BEGIN Raw data

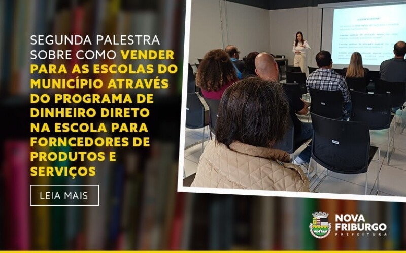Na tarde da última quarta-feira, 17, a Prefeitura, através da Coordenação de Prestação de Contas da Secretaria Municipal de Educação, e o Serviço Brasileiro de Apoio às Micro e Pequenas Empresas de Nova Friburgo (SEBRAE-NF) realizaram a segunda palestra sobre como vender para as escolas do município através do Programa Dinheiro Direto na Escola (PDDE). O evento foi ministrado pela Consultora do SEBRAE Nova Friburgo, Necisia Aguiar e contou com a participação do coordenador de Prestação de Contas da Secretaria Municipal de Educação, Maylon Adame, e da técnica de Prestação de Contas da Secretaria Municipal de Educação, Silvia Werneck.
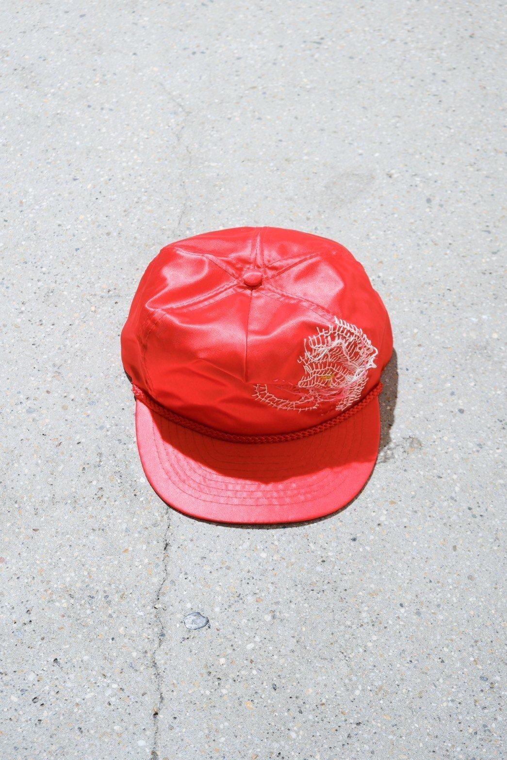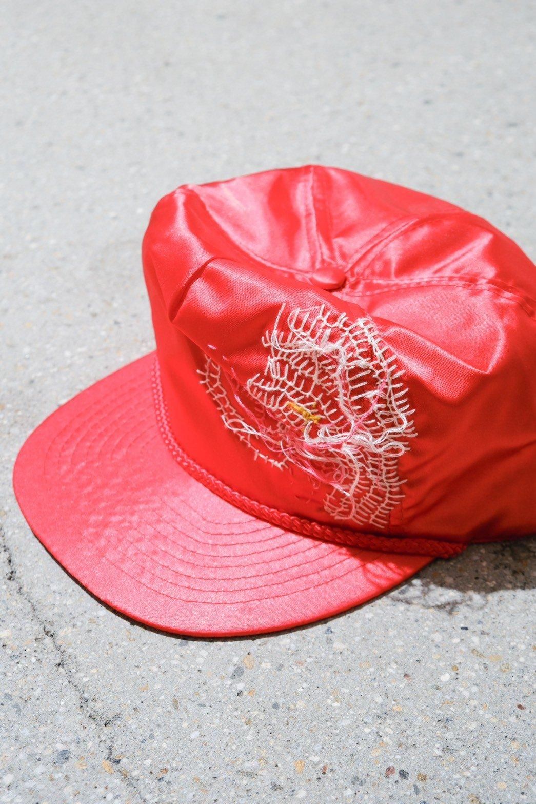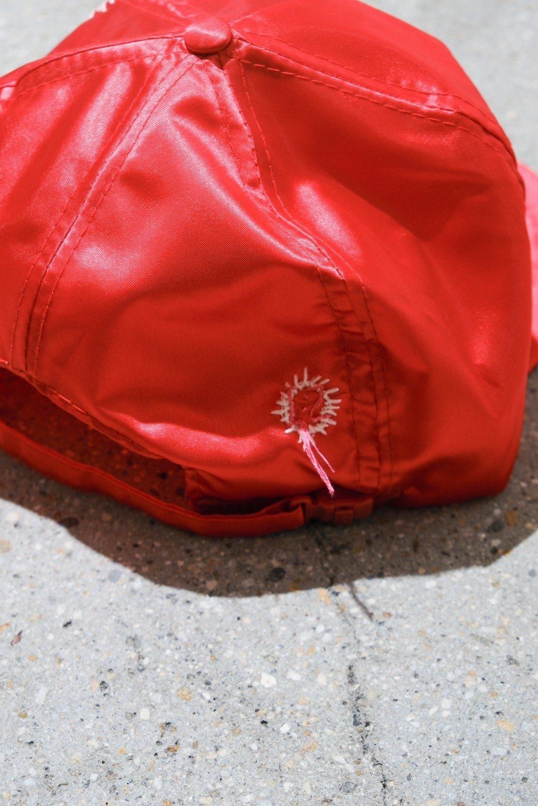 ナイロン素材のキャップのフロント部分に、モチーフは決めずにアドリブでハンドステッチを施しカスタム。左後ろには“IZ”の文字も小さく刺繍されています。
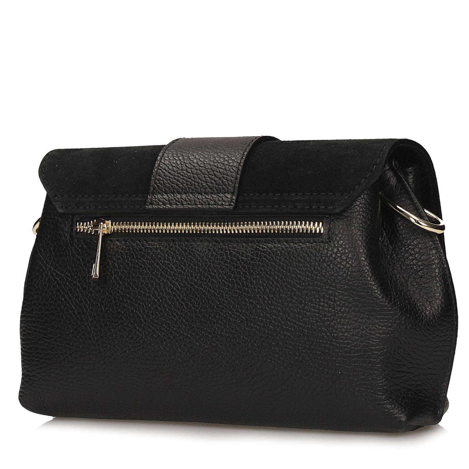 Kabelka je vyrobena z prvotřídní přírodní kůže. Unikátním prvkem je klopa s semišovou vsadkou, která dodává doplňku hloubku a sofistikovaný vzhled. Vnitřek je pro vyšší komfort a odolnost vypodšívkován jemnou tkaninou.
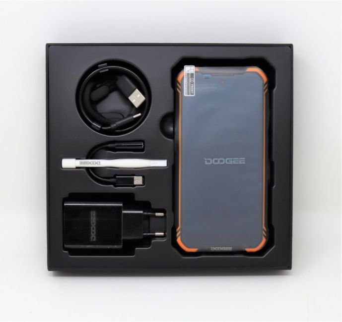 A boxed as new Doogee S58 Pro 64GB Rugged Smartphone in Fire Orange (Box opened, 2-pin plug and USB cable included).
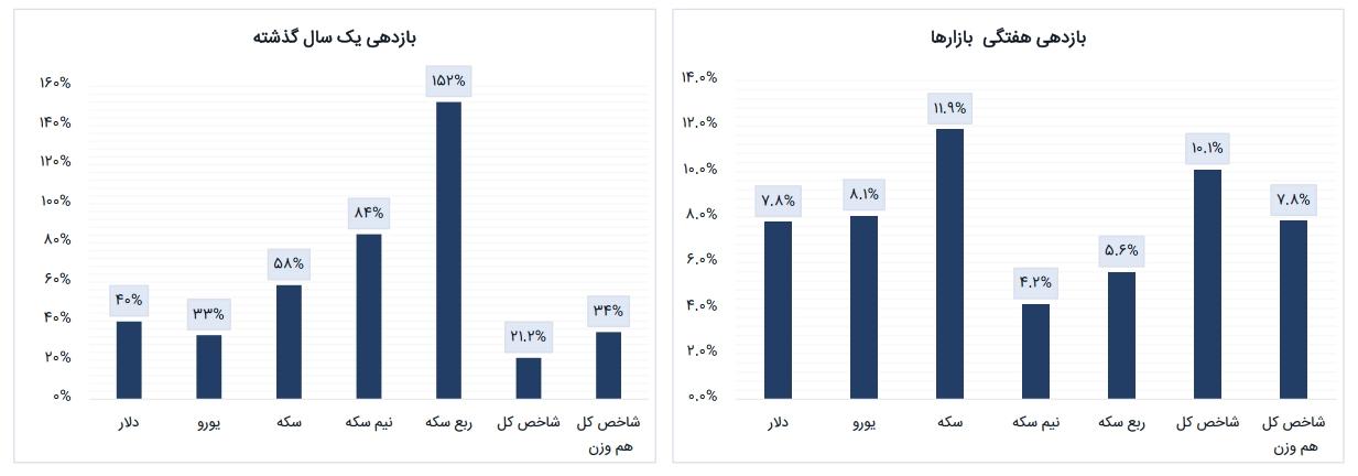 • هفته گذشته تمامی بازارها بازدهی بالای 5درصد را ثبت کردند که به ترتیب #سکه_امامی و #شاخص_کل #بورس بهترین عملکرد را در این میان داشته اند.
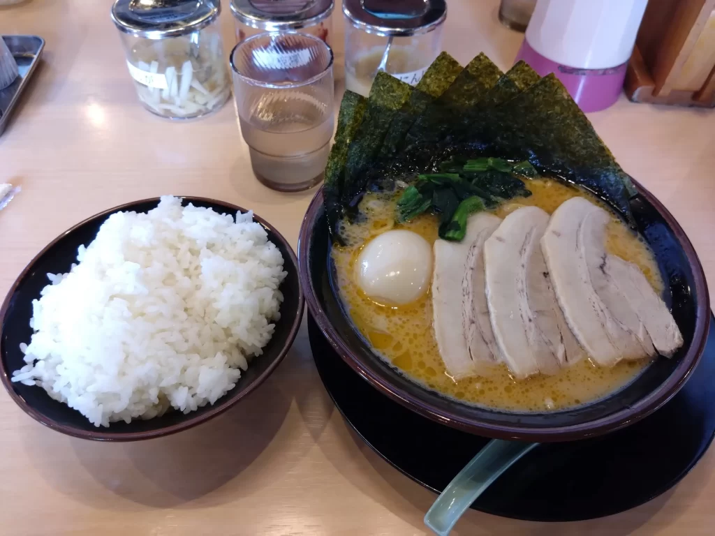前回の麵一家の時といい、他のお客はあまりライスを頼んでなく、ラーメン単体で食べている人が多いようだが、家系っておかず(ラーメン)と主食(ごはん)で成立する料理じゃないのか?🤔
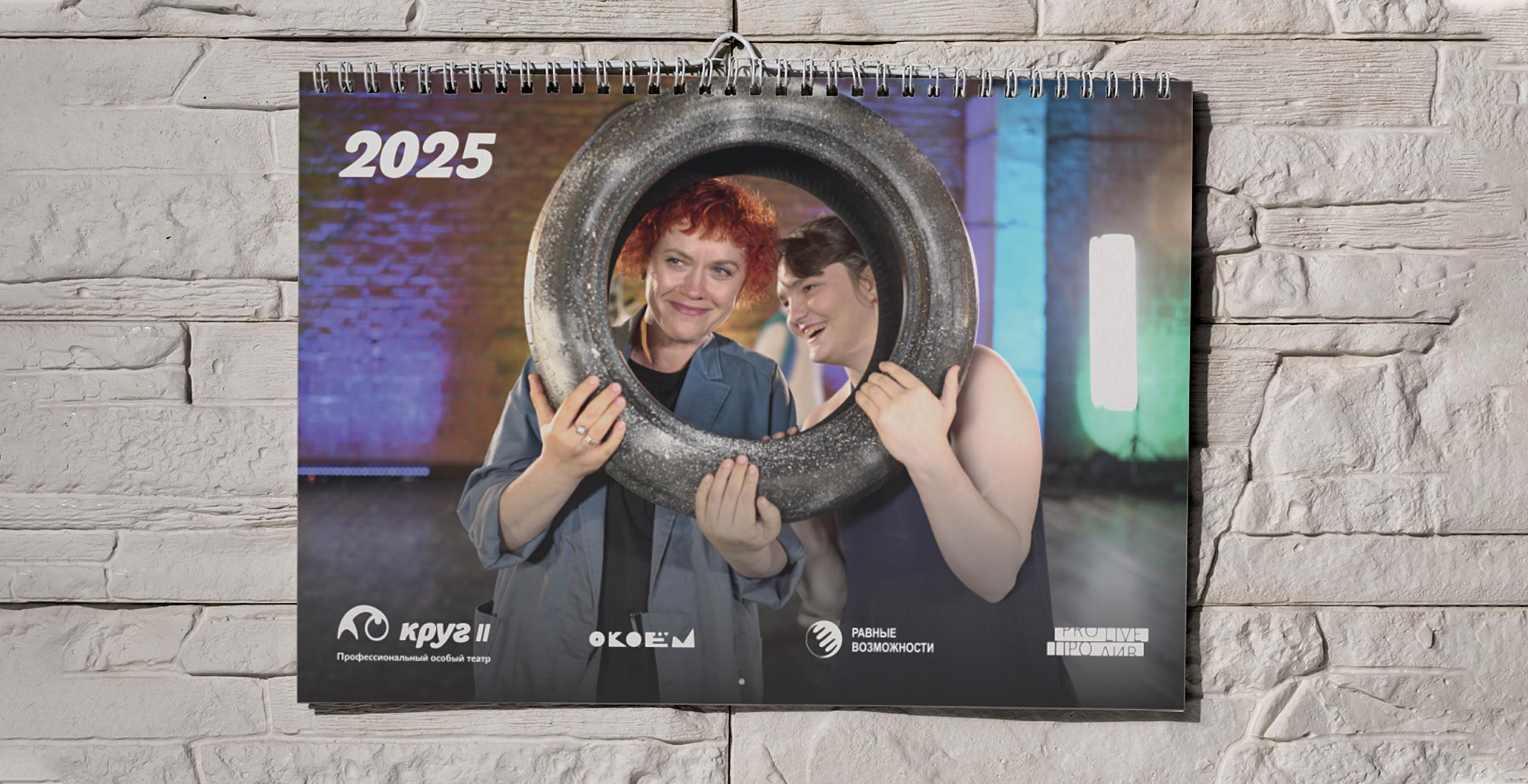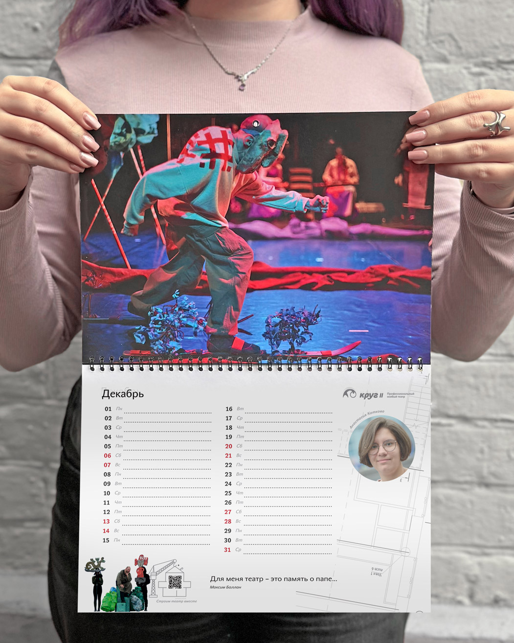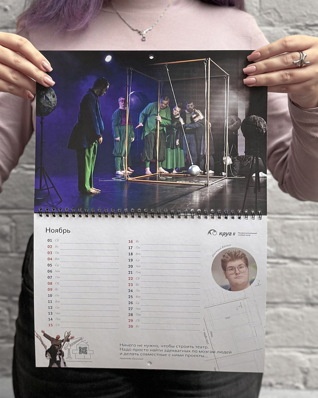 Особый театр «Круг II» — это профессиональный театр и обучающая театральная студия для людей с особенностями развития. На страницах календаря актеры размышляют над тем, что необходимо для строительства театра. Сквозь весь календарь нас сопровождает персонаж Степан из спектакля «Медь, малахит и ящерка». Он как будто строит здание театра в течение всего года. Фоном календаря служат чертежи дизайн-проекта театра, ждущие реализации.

END Raw data

**Exercise brief**
Within the data above, repeat exactly the lines from the one bearing "ナイロン素材のキャップのフロ" through the one bearing "Kabelka je vyrobena". Include no pictures and nothing else.

**Result below**
 ナイロン素材のキャップのフロント部分に、モチーフは決めずにアドリブでハンドステッチを施しカスタム。左後ろには“IZ”の文字も小さく刺繍されています。
 Kabelka je vyrobena z prvotřídní přírodní kůže. Unikátním prvkem je klopa s semišovou vsadkou, která dodává doplňku hloubku a sofistikovaný vzhled. Vnitřek je pro vyšší komfort a odolnost vypodšívkován jemnou tkaninou.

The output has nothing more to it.